Building an Audit Logging Solution: Production Scars and Evolutionary Architectures
On lessons learnt when mvps and balancing trade offs aren't enough
System design is making tough trade offs and understanding why one approach is better than another. Sometimes this decision ends up being the wrong one. So you need to live with the consequences and make another trade off, do you start from scratch and take another approach or do you live with a not so perfect solution?
As reflection is an essential part of the learning process, this article is all about acknowledging that even with the right intentions and much dedication, you don’t always get it right. This is about accepting this reality and reminding myself that growth is a learning curve and despite setbacks we need to continue to take ownership.
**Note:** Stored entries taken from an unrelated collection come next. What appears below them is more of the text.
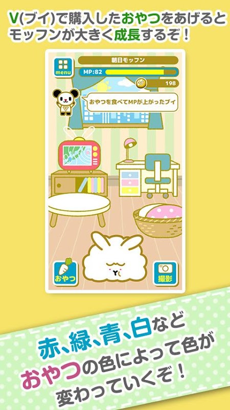 モッフンを育てる中で貯まったV(ブイ)やMP(モフモフポイント)でおやつなどのアイテムの購入が出来ます。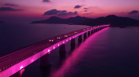 Capture the beauty of a stunning sunset illuminating a bridge, surrounded by mountains. The serene water reflects vibrant colors, creating a tranquil atmosphere.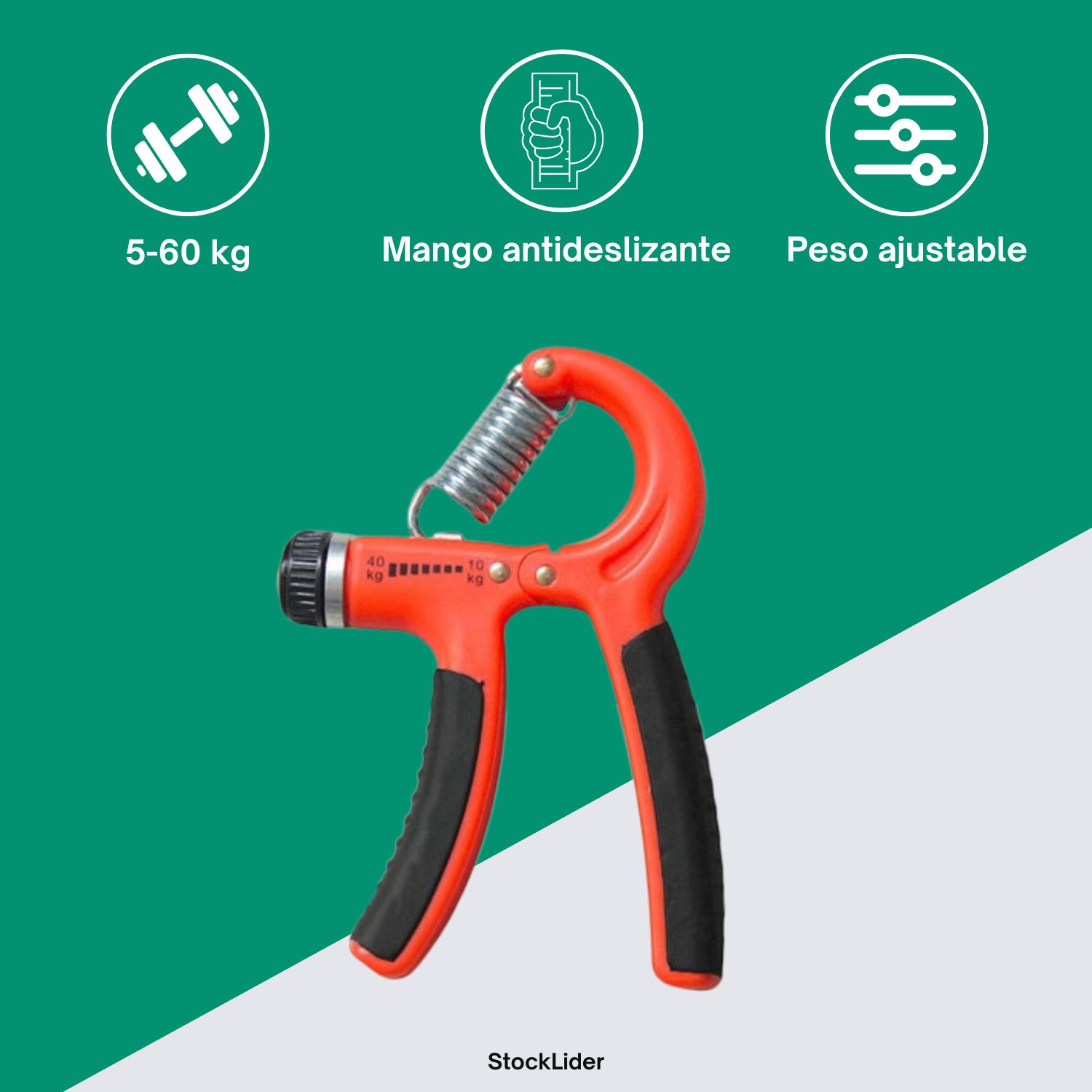 Su diseño ergonómico con mango antideslizante garantiza comodidad y seguridad durante cada uso, adaptándose perfectamente a la forma de la mano. Gracias a su rueda de ajuste de resistencia, puedes regular la presión entre 5 y 60 kg, permitiéndote avanzar a tu propio ritmo y nivel de fuerza.

What problem did we try to solve?
Maintaining accountability within data-driven systems along with keeping track of who did what and when within isn't just a security requirement—sometimes it's a crucial business necessity. Whether if it’s just for meeting compliance requirements, troubleshooting and understanding system behaviour, investigating production incidents or providing insights for post-mortem analysis, a robust audit logging solution serves as your system's source of truth.
But building such a solution comes with a lot of challenges in terms of scalability, performance and most of all, data integrity. In this article, we’ll explore what are the possible approaches to implement such a system that captures meaningful events, stores them reliably, and makes them easily accessible when you need them most. We'll cover the essential components that make up a production-grade audit logging solution and emphasise some lessons learnt from implementing a “tamper-proof solution”.
What is an audit log?
We want to know all database interactions that happened during a period of time, along with detailed information about each event. Those logs should be queryable and be able to answer questions like "who changed this value" or "which process caused this item to be removed." Audit logs record the occurrence of an event, the time at which it occurred, the responsible user or service, and the impacted entity.
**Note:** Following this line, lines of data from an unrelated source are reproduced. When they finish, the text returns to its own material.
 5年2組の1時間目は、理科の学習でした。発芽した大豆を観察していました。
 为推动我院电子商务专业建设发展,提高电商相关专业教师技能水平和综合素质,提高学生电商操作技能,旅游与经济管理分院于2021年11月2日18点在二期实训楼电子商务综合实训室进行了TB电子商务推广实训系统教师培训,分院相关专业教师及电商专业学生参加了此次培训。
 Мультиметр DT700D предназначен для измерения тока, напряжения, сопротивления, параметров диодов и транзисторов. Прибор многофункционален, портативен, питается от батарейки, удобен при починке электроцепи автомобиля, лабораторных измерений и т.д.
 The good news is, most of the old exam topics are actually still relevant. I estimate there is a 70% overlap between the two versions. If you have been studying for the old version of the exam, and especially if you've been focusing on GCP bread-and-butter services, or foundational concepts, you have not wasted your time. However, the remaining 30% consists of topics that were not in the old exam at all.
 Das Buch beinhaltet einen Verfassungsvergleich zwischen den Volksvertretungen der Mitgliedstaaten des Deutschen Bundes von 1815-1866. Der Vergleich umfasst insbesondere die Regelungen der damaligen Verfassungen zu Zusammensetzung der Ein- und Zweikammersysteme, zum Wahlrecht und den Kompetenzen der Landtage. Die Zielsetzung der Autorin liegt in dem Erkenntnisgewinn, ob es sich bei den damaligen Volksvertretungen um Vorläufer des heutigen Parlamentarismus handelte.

A good audit logging system should not only record event data but also consider various usability criteria for the teams inspecting the logs (i.e the end users) and the future maintainers (e.g. engineers) of the system. The main requirements we’re going to work with:
audit logs should be reliable - any database change should have a corresponding audit log entry.
have no or minimal setup - should be easy to set up across the ecosystem and ideally require no or minimal code changes for new services.
audit logs should be immutable - users and services should only have the ability to read data the logs and not update them.
audit logs should be easily queryable (by service, action, date, user etc) - users must be able to efficiently search through the logs by applying any one or more filters.
audit logs should be parsable - logs should also be easy to parse and work with.
Since the ecosystem we work with is only using DynamoDB as a storage option, we’ll design the audit log solution to work especially with this kind of database.
Solutions Considered
1. via the Transactional Outbox Pattern
One solution to implement the audit logs would be to emit an event with every database change. This event would contain all the necessary information to track the change (what got changed, who changed it etc). The consumer of those events would process the data and store it in a way that would be easily accessible and queryable by all devs.
In our current ecosystem, we use an internal library go-kit (similar to the open source one go-kit) to help us with the scaffolding and management of our golang microservices. This library also provides a standardised way for doing all db interactions. This approach would mean just modifying this library to emit an event when doing a CRUD operation. The advantage would be services don’t need to be aware of this logic and no logic would need to be updated.
The problem with this solution is the general dual-write issue where you want to make 2 write operations in one atomic transaction. If we want to update 2 different systems, persist data in the database and send an event to notify other systems, because these two systems aren't linked, we have no way to update both in a transactional fashion. When a microservice sends an event notification after a database update, these two operations should run atomically to ensure data consistency and reliability.
The way to solve this is usually through the Outbox Pattern. If we have a database that supports transactional updates, then we can use it to overcome the dual-write problem. In our case, we would need another table, say an “Outbox Table“, and on a DB CRUD operation we would 1. do the CRUD operation and 2. save the change we did in the outbox table (both as part of a transaction which DynamoDB supports). The records in the outbox table will then be read by some workers which will emit an event with the changed data. The events will be read by an “Auditor Service“ that will process them and finally store them in a queryable way.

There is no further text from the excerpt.